◆ **WHAT TO WORK ON**:
The required output is the stretch from the line containing "message. ⭐⭐Offre sérieuse acceptée⭐⭐" through the line containing "छत्तीसगढ़ अखबार वितरक" in the records below, unaltered and with no pictures.

◆ **PROVIDED ENTRIES**:
**********

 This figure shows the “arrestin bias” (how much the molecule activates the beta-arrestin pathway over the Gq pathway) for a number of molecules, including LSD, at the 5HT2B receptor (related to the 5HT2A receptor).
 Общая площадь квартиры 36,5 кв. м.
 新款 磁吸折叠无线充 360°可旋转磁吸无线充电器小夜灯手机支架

**********

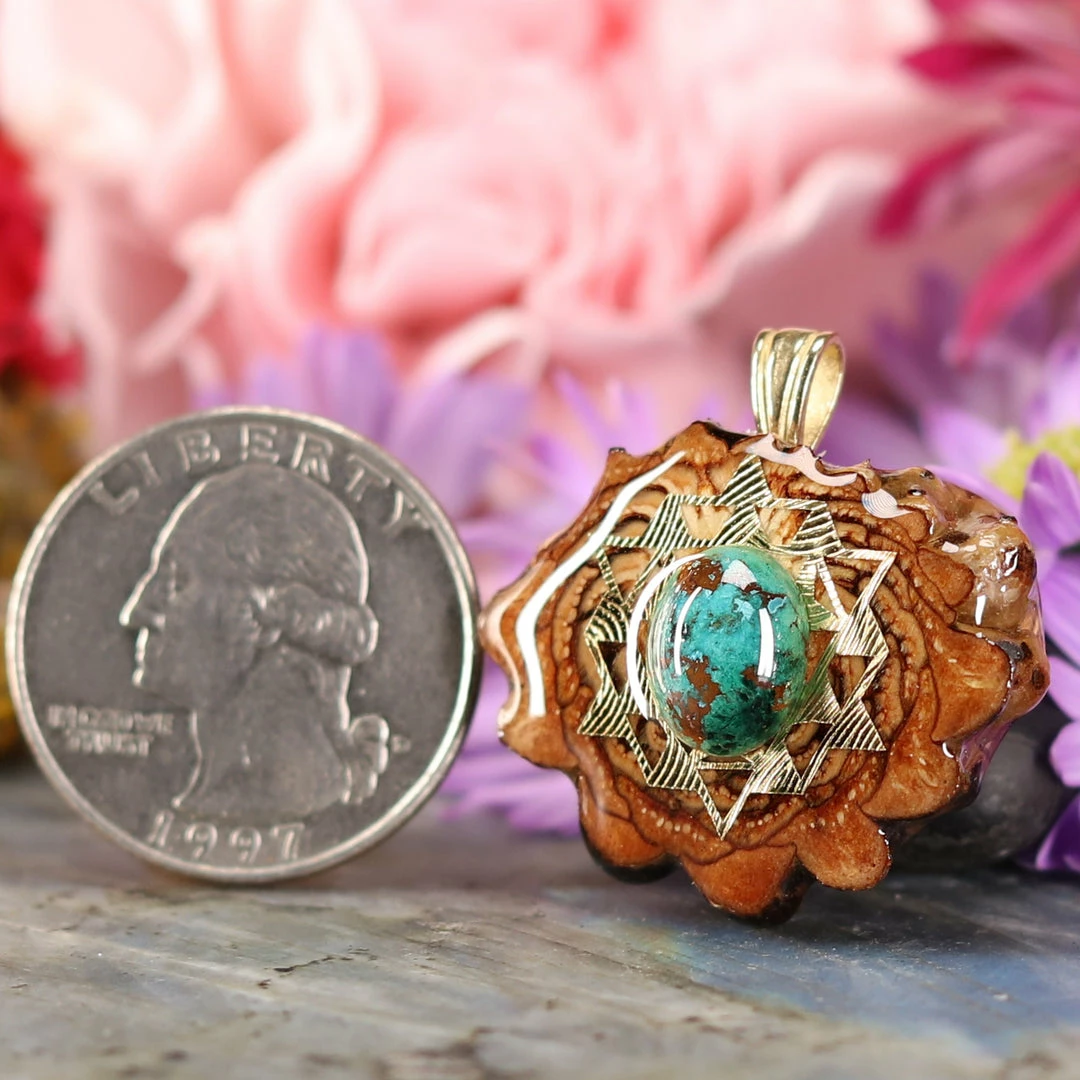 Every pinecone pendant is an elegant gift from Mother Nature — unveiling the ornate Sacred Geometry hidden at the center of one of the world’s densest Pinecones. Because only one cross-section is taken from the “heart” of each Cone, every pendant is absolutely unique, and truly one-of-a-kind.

**********

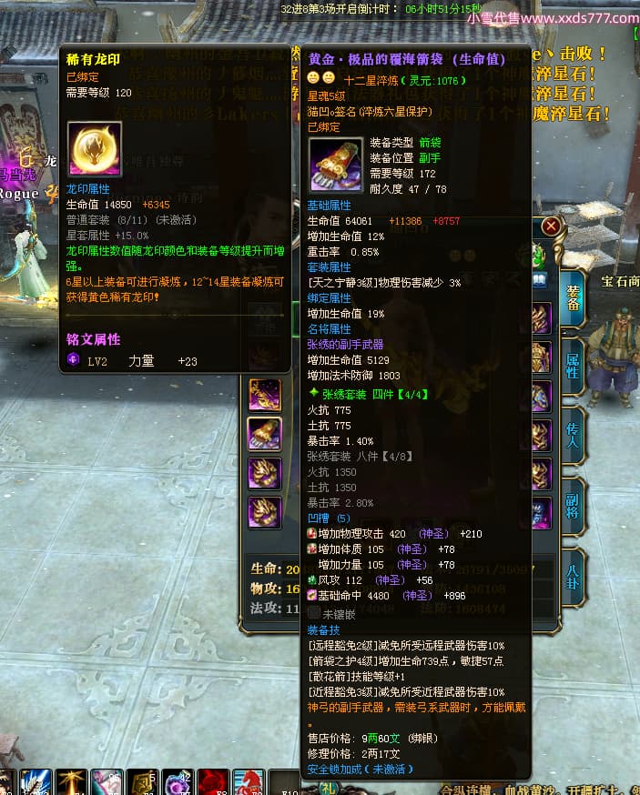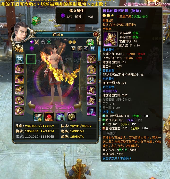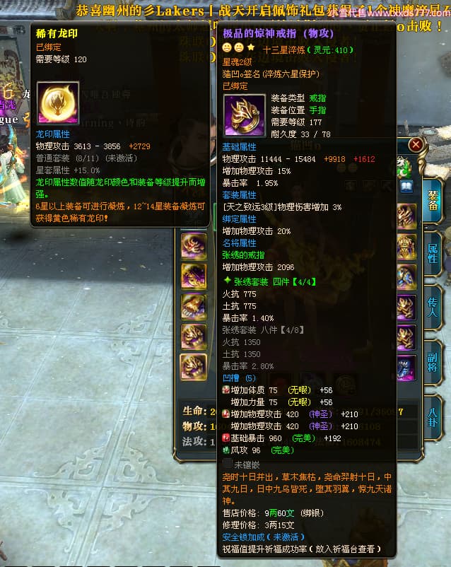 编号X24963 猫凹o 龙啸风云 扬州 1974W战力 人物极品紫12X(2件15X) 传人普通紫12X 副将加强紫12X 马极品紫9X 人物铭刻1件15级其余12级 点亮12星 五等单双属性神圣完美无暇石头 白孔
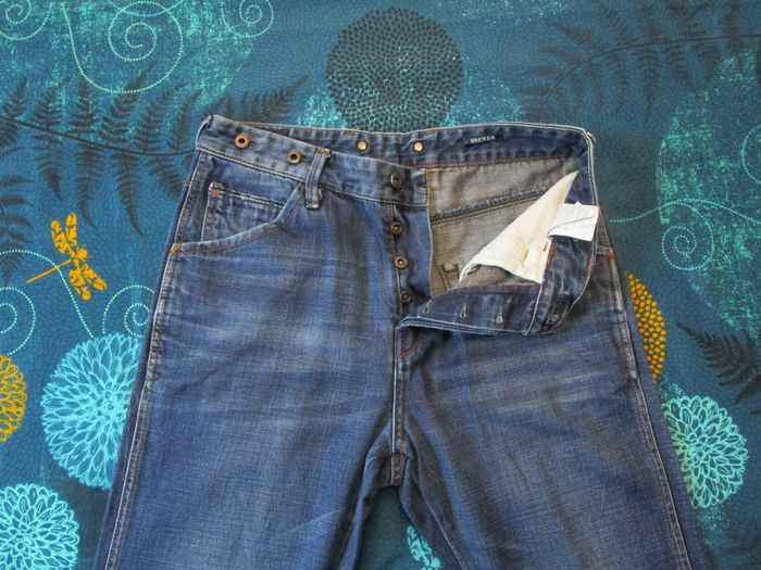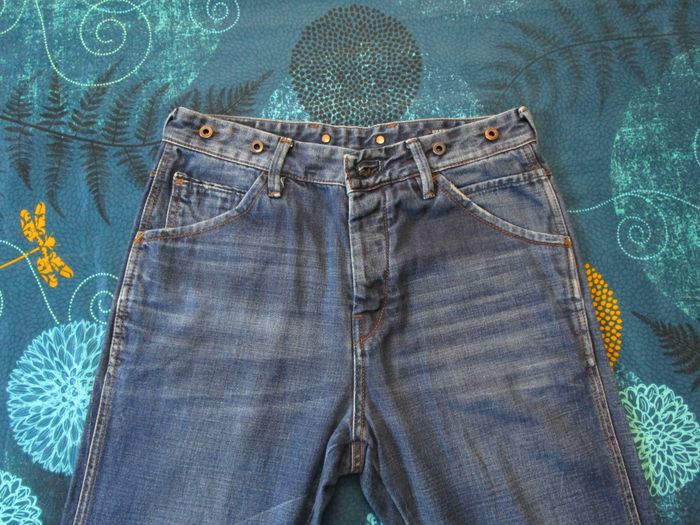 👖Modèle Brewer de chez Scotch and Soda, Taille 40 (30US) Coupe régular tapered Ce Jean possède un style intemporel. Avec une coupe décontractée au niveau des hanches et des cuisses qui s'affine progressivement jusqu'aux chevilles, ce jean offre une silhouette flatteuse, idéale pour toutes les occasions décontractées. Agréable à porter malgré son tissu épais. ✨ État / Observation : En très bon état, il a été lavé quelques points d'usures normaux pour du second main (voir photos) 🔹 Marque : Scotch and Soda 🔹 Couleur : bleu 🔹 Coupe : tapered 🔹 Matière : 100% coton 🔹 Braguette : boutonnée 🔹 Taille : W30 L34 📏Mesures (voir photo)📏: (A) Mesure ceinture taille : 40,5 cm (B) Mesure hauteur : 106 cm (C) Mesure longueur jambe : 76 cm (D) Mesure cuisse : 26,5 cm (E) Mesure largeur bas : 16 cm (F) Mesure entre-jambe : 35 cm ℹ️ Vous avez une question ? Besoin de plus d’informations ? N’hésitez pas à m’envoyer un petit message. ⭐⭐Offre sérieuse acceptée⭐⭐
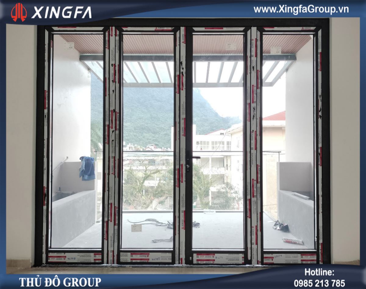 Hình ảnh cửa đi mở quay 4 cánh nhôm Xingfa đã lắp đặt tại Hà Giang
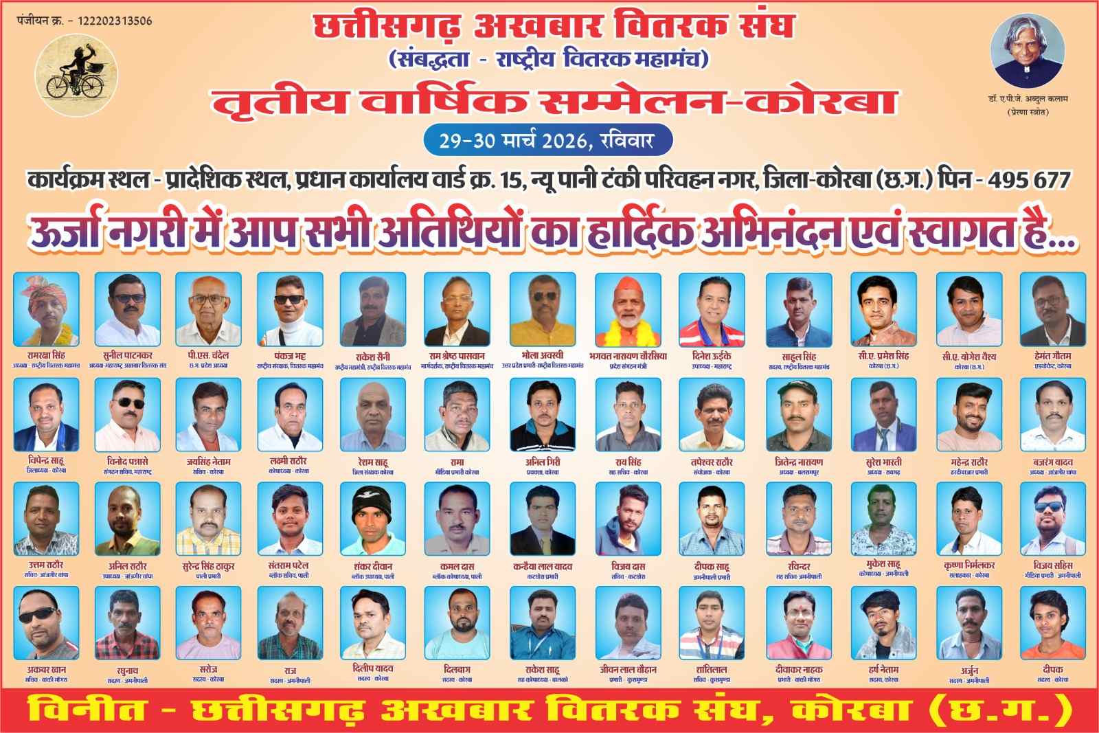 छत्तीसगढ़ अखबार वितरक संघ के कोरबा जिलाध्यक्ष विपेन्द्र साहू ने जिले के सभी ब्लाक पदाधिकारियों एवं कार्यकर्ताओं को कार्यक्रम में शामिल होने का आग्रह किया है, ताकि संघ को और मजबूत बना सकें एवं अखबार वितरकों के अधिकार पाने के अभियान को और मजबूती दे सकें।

**********

◆ **RESULT BELOW**:
 👖Modèle Brewer de chez Scotch and Soda, Taille 40 (30US) Coupe régular tapered Ce Jean possède un style intemporel. Avec une coupe décontractée au niveau des hanches et des cuisses qui s'affine progressivement jusqu'aux chevilles, ce jean offre une silhouette flatteuse, idéale pour toutes les occasions décontractées. Agréable à porter malgré son tissu épais. ✨ État / Observation : En très bon état, il a été lavé quelques points d'usures normaux pour du second main (voir photos) 🔹 Marque : Scotch and Soda 🔹 Couleur : bleu 🔹 Coupe : tapered 🔹 Matière : 100% coton 🔹 Braguette : boutonnée 🔹 Taille : W30 L34 📏Mesures (voir photo)📏: (A) Mesure ceinture taille : 40,5 cm (B) Mesure hauteur : 106 cm (C) Mesure longueur jambe : 76 cm (D) Mesure cuisse : 26,5 cm (E) Mesure largeur bas : 16 cm (F) Mesure entre-jambe : 35 cm ℹ️ Vous avez une question ? Besoin de plus d’informations ? N’hésitez pas à m’envoyer un petit message. ⭐⭐Offre sérieuse acceptée⭐⭐
 Hình ảnh cửa đi mở quay 4 cánh nhôm Xingfa đã lắp đặt tại Hà Giang
 छत्तीसगढ़ अखबार वितरक संघ के कोरबा जिलाध्यक्ष विपेन्द्र साहू ने जिले के सभी ब्लाक पदाधिकारियों एवं कार्यकर्ताओं को कार्यक्रम में शामिल होने का आग्रह किया है, ताकि संघ को और मजबूत बना सकें एवं अखबार वितरकों के अधिकार पाने के अभियान को और मजबूती दे सकें।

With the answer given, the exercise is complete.